Judge Rules in Favor of KHSAA in Harmon Case
By West Kentucky Star Staff
PADUCAH - US District Judge Thomas Russell of the Western District of Kentucky has ruled in favor of the Kentucky High School Athletic Association in the case of Zion Harmon seeking eligibility to play basketball at Marshall County High School.

The ruling was handed down Friday afternoon.

Harmon's Attorney, William C. Adams, III, told West Kentucky Star that as a result of the ruling, Harmon remains ineligible to play high school basketball at this time.


The attorneys for Zion Harmon and the Kentucky High School Athletic Association met in McCracken County Federal Court Thursday afternoon for an appeal hearing on the eligibility of Harmon.

The key phrase tossed around the courthouse Thursday afternoon was "substantial evidence" as it relates to the Harmon's intentions in moving to Marshall County last summer. The Harmon's attorney, William C. Adams III, stated there was substantial evidence that the move was based on academic reasons, including several mentions by Zion's father, Mike Harmon, of his son wanting to graduate in three years and moving to a school like Marshall County that offered that possibility.

The attorney representing the KHSAA, Jason Ams, stated there was substantial evidence of the Harmon's moving for athletic reasons in an article published in The Paducah Sun over the summer. In the article, Mike Harmon mentioned that he did not want his son to move to a school where a coach was all about himself. Ams highlighted that statement as intent to move to a school on reasons concerning athletics, which would be a violation of KHSAA Rule Bylaw 6 which states that a player can not transfer to another school on the basis of athletics without sitting out a year.

Ams rebutted the Harmon's theory of going to Marshall County so he could graduate in three years with the notion that "dozens of schools" offer that possibility, but a move to Marshall County was more so linked to athletics.

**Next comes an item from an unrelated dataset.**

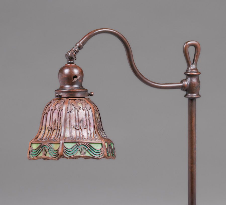 Handel Palm Tree Overlay Diminutive Floor Lamp c1910. Signed. Color added to original patina. 50"h as shown (adjustable) x 16" depth x 7"d base SOLD

Adams also stated that Harmon is facing irreparable harm from the KHSAA for their ruling, causing him to miss varsity basketball games at Marshall County High School. The KHSAA argued that irreparable harm was not being put on Harmon since he is only being forced to sit for varsity games but can still play in junior varsity games for Marshall County.

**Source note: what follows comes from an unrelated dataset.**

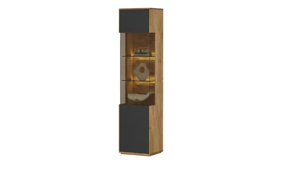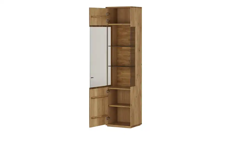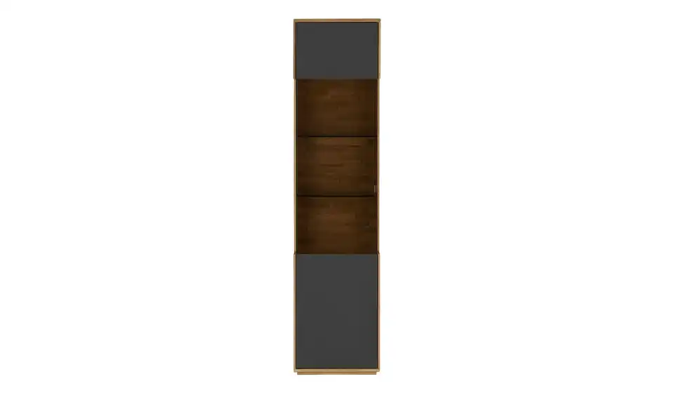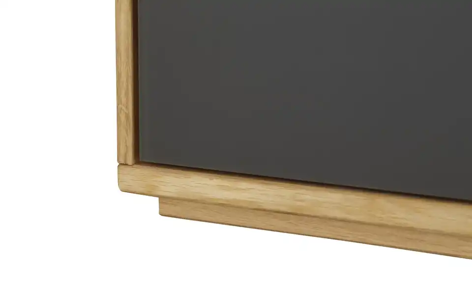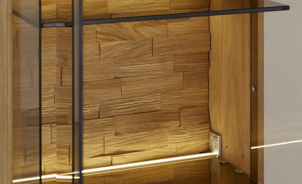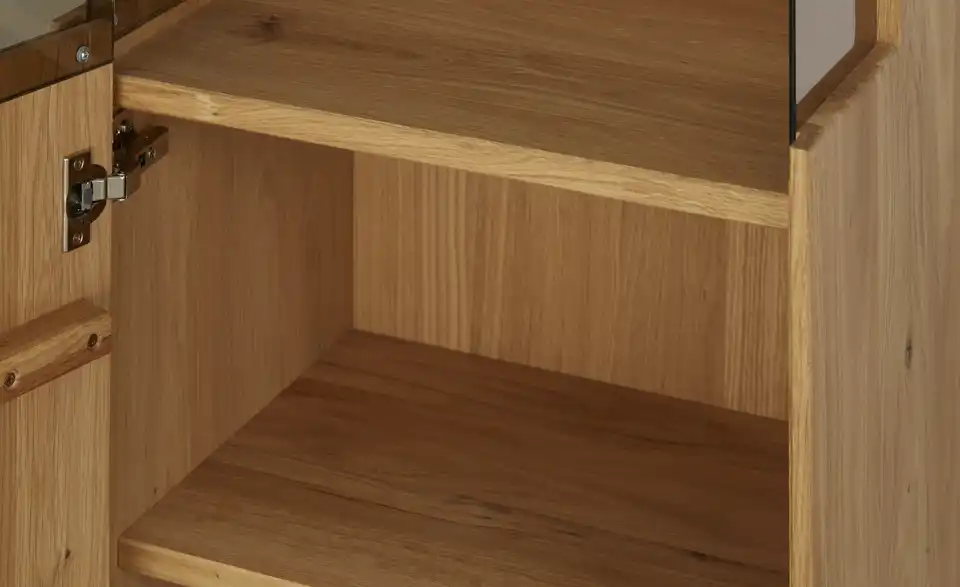 - Mehr zu MaterialKorpus aus Massivholz furniert in Wildeiche geöltFront aus Glas in Anthrazitsichtbare Rückwand aus Holzwerkstoff furniert in Spalt-Eiche

Federal Judge Thomas Russell asked KHSAA attorney Jason Ams once again about the substantial evidence that the Harmon's moved to Marshall County for reasons concerning athletics. Ams again mentioned The Paducah Sun article from last summer in which Mike Harmon talked in detail about playing basketball at Marshall County and how the article meets the "whole or in part" basis of the move being because of athletics.

Judge Russell told both sides that his hope was to come to his decision in a week or maybe slightly later.